In this assignment, you are required to implement different types of hash tables.




The course policy about plagiarism is as follows:




Students must not share actual program code with other students.



Students must be prepared to explain any program code they submit.
Students cannot copy code from the Internet.
Students must indicate any assistance they received.
All submissions are subject to automated plagiarism detection.



Students are strongly advised that any act of plagiarism will be reported to the Disciplinary Committee

Task 1:




In the first task of this assignment, you are expected to implement (a) the polynomial hash code from the textbook (Section 9.2.3) and (b) bitwise hash code function as shown below:




str = s1s2s3…sn-1sn




e.g., (in case of str = “Hello”, ‘H’ is s1, ‘e’ is s2 … ‘o’ is s5)







Initialize bitwise_hash = 0




For every si in str

bitwise_hash ^= (bitwise_hash << 5) + (bitwise_hash 2) + si




along with the division method compression function for both (a) and (b). The value of the parameter a in the polynomial hash code should be configurable.







Task 2:




The specifics of the first hash table are as follows:




The first hash table will use chaining, where you will be required to use the LinkedList from previous assignments. This HashTable will be created with a fixed size. It should support the insert, deletion and lookup commands. The constructor should take the size of the table as a parameter.

Task 3:




Now you will try out the same hash function with a different hash table, which should use open addressing with linear probing. This Hash Table will initially be created with a small size; it must support resizing along with insert, deletion and lookup.













Task 4:




As you have seen in the implementations of linear probing and chaining, the issue of collisions was addressed by storing both the colliding values, but these techniques increase the look up time. So, in order to improve this, in this task you will be implementing double hashing as discussed in the class using the two functions you made in Task1:




Note: Double hashing cannot completely eliminate collisions.
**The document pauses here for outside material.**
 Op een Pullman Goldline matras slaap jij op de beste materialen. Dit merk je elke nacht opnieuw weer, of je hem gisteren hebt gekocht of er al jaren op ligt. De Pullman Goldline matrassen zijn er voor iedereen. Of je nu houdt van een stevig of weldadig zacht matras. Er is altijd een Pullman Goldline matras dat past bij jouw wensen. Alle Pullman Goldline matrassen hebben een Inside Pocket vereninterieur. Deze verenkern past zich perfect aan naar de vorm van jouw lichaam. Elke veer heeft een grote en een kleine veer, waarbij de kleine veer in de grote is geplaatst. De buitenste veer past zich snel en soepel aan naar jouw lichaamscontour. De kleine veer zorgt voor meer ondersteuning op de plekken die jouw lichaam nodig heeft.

To obtain full credit in this task, you will have to devise and implement a method to handle the case when both functions result in a collision.
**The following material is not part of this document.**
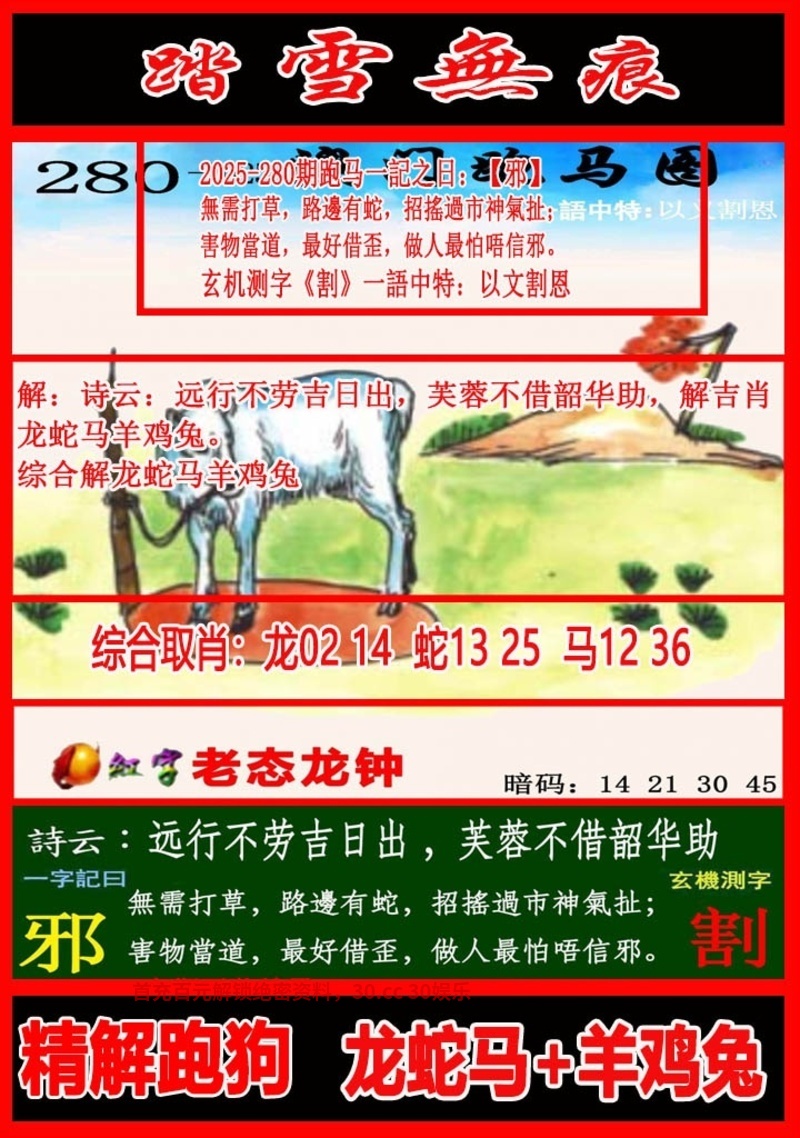 444329.com『独解跑马测字玄机』澳彩预测
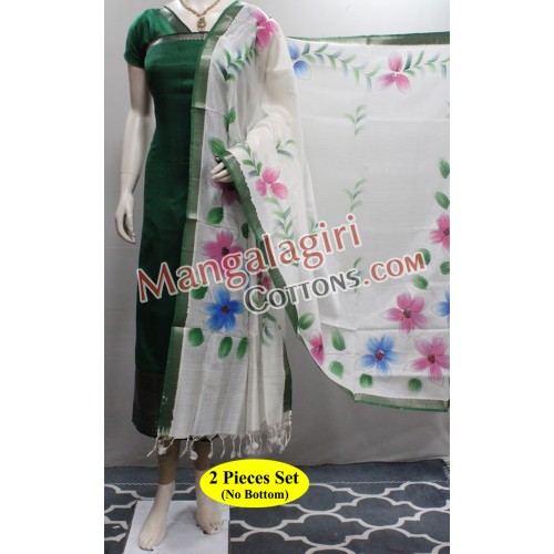 Mangalagiri Handloom Semi Pattu Top with Silver Zari Border and Semi Pattu Hand Paint Dupatta. Unstitched 2 Pieces Set.

One method to adopt, for example, would be the following:




Index = h(key) + i*d(key), where h() is the first hash function, d() is the second hash function and i is an integer zero onwards (0,1,2,3……)
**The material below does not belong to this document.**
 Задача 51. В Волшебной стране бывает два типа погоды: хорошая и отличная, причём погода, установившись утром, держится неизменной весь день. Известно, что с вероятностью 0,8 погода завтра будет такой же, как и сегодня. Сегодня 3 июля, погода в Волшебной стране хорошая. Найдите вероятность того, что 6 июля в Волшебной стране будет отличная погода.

Hence to compute the index to insert the value at, use the above formula but keep the value of i as 0. If you get a collision then use 1 as the value of i. If you get a collision again, use 2 as the value for i and so on.

Task 5 (Bonus):




In this task you are going to analyze the performance of different methods of chaining. You are expected to implement Hash Tables with different data structures to resolve collisions.

Arrays (vectors)
BST
Hash Table



You are expected to take into account their memory footprints, load time and access time.




(This is an open-ended question)







Deliverables:




You are required to submit the following:




Implementation of the hash table with chaining
Implementation of the hash table with open addressing (linear probing)



Implementation of the hash table with open addressing (double hashing)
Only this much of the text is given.